Leave the pictures out, and transcribe the material below exactly from the line with "From 2004 to" to the line with "最后,三位国际顶尖鼓手的联袂", both lines included.

### Recorded information
——————————

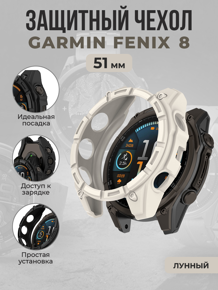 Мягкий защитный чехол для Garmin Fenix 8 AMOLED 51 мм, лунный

——————————

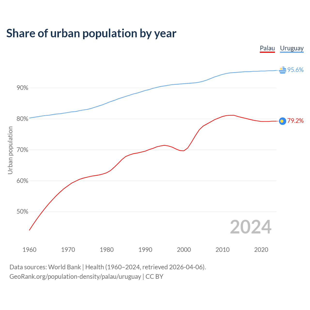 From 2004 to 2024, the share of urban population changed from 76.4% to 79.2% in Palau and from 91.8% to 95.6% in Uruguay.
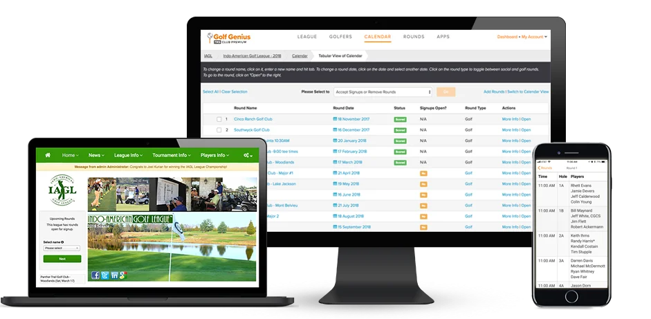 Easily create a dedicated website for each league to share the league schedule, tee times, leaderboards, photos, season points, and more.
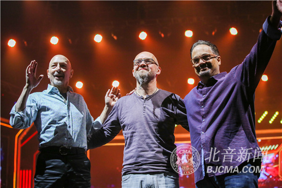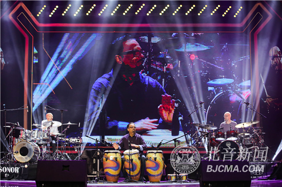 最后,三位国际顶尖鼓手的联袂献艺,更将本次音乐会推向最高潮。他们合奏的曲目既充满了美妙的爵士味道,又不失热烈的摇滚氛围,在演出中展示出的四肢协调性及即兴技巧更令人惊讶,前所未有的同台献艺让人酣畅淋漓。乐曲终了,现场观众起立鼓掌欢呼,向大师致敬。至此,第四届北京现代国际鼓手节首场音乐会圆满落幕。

——————————

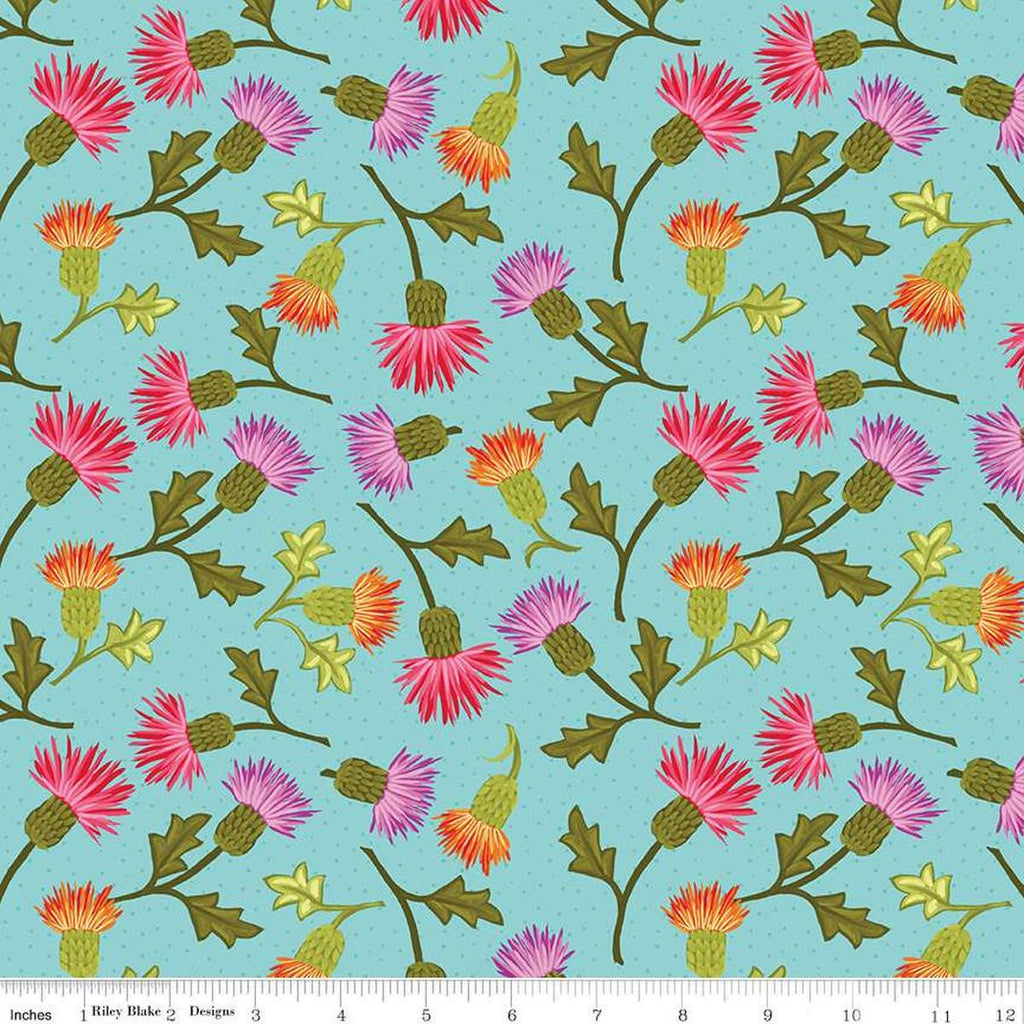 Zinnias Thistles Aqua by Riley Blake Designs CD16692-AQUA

——————————

### Problem solution
 From 2004 to 2024, the share of urban population changed from 76.4% to 79.2% in Palau and from 91.8% to 95.6% in Uruguay.
 Easily create a dedicated website for each league to share the league schedule, tee times, leaderboards, photos, season points, and more.
 最后,三位国际顶尖鼓手的联袂献艺,更将本次音乐会推向最高潮。他们合奏的曲目既充满了美妙的爵士味道,又不失热烈的摇滚氛围,在演出中展示出的四肢协调性及即兴技巧更令人惊讶,前所未有的同台献艺让人酣畅淋漓。乐曲终了,现场观众起立鼓掌欢呼,向大师致敬。至此,第四届北京现代国际鼓手节首场音乐会圆满落幕。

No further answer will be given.